Short Story Structure

January 07, 2013

I wrapped up a first draft of my next novel in early December, and I decided to make 2013 a year for building my short story skills. I love short stories but I’m more inclined toward novels and long fiction, I think in part because they’re, well, longer. I like robust stories with full worlds and deep characters.

I write 3-4 shorts a year, which isn’t a lot, and they reflect my inclination toward longer stories. In fact, one of the most common critiques I’ve heard over the years of my short stories is, “This feels like the start to a larger piece.” And truth be told, most of them were, because it’s how I think. Too big, too much.

In prepping for my 2013 focus I began by doing a review of common story structures, convinced I’d missed something peculiar to short stories. Much of what I’ve read over the last month was familiar, but then I came across this older post by Philip Brewer on Story Structure in Short Stories.

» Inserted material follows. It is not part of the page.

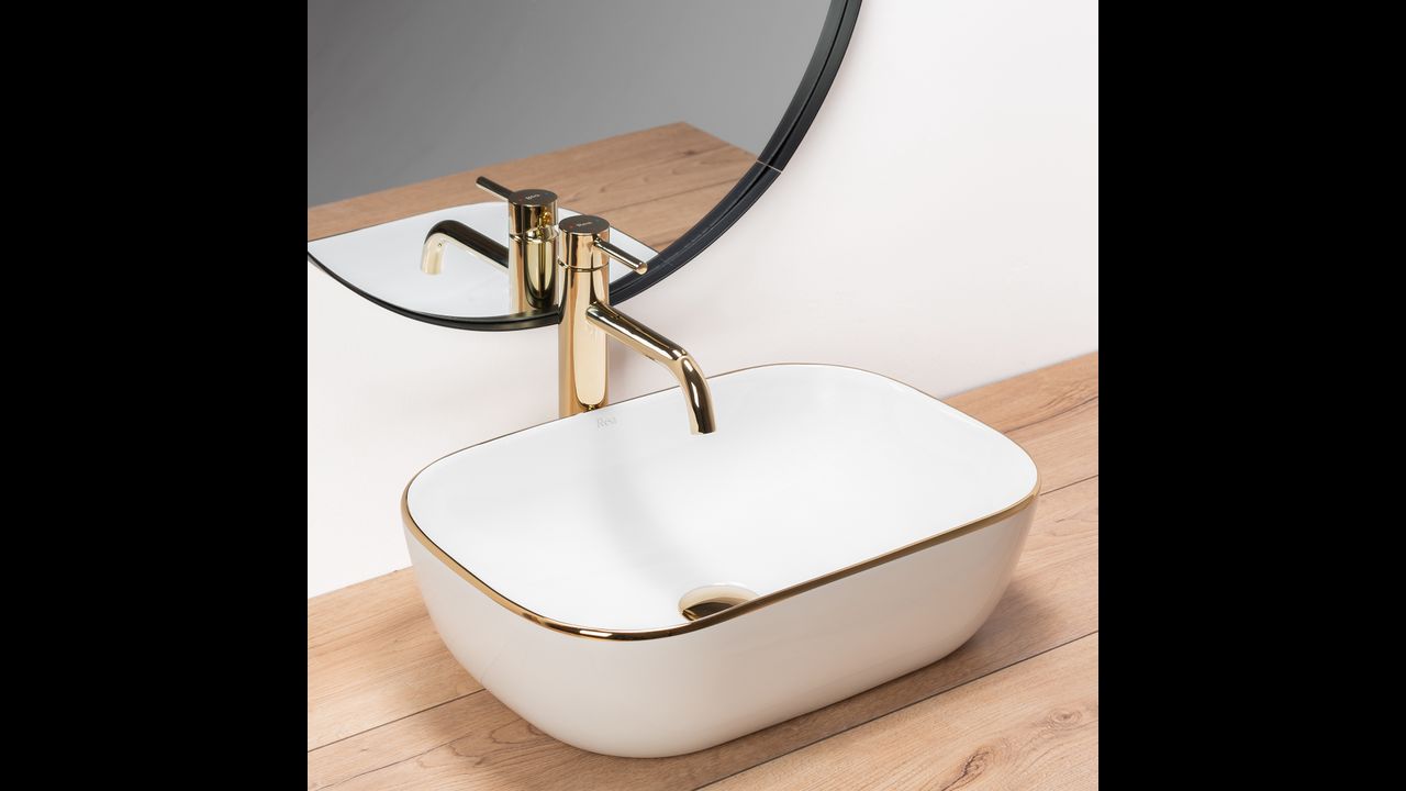 A washbasin with a unique look and functionality of the highest level. If you want to add elegance and simplicity to your bathroom, the Rea Belinda Gold Edge washbasin is just for you. This product is made of high quality sanitary ceramics.

Like Philip, I’m no stranger to story structure. I’ve attended several courses and read a few books on the subject. I still have notes from a wonderful lecture on Conflict, Plot, and Scene by Timons Esaias, in which he provided a classic structure for use to help a writer get started. You might recognize this as a common structure for fairy tales:

  1. A Person
  2. In a Place
  3. With a Problem
  4. Protagonist Strives & Fails
  5. Protagonist Strives & Fails
  6. Protagonist Strives & Succeeds (or Fails)
  7. Resolution

It’s a valuable structure, but with my approach to storytelling I’m looking at easily 5K words. This isn’t a problem with the structure, it’s a problem with my thinking, and until I read Philip Brewer’s post I was convinced I’d never quite get it.

Philip has this to say:

…short stories tend to have parts of the structure pared down: Not all steps are shown in full-blown scenes. It is important that the steps “take place” in the context of the story—that’s what makes it a story. But it isn’t necessary to show each step. It is enough simply to mention them. In fact, it can be enough simply to imply them.

I’ve heard this before, or something similar. A lot can and should be implied in a short story. My problem is in figuring out what can be implied and what’s essential. I can see this struggle as I look back over my work. But it’s what Philip says later that cracked it for me. An honest-to-god short story structure that makes sense to me:

It was less important to me to learn the answer to my first question, about the structure of a successful short story, once I understood how those structures relate to “complete” stories: I could now build up my own successful structures. But, as it happened, Geoffrey A. Landis had a pretty good description of the essential core of a short story. A story needs to:

  1. Require the character to make a choice,
  2. show that choice by actions, and
  3. those actions must have consequences.

I put this to the test in December as I was working on a short targeted at a specific anthology. I won’t know if the story’s been accepted for a few months, but for this first pass I was more interested in whether the structure helped me tell the story rather than whether it helped me sell the story.

It worked. I managed to write a first draft in a few hours, which for me is record time as I generally feel the need to throw everything in up front and edit out later. But this time, those three essentials kept me so focused on what needed to be there that I found myself naturally implying parts that I normally would have tried to include.

I now have a good model to help me move forward through the year. By no means would I say this is a universal model, but it’s workable and practical:

A short story must imply a full story structure while demonstrating a character’s relevant decision and that decision’s consequences.

Hopefully this will help another writer struggling with the same issue. And thanks to Philip for his brief yet insightful post.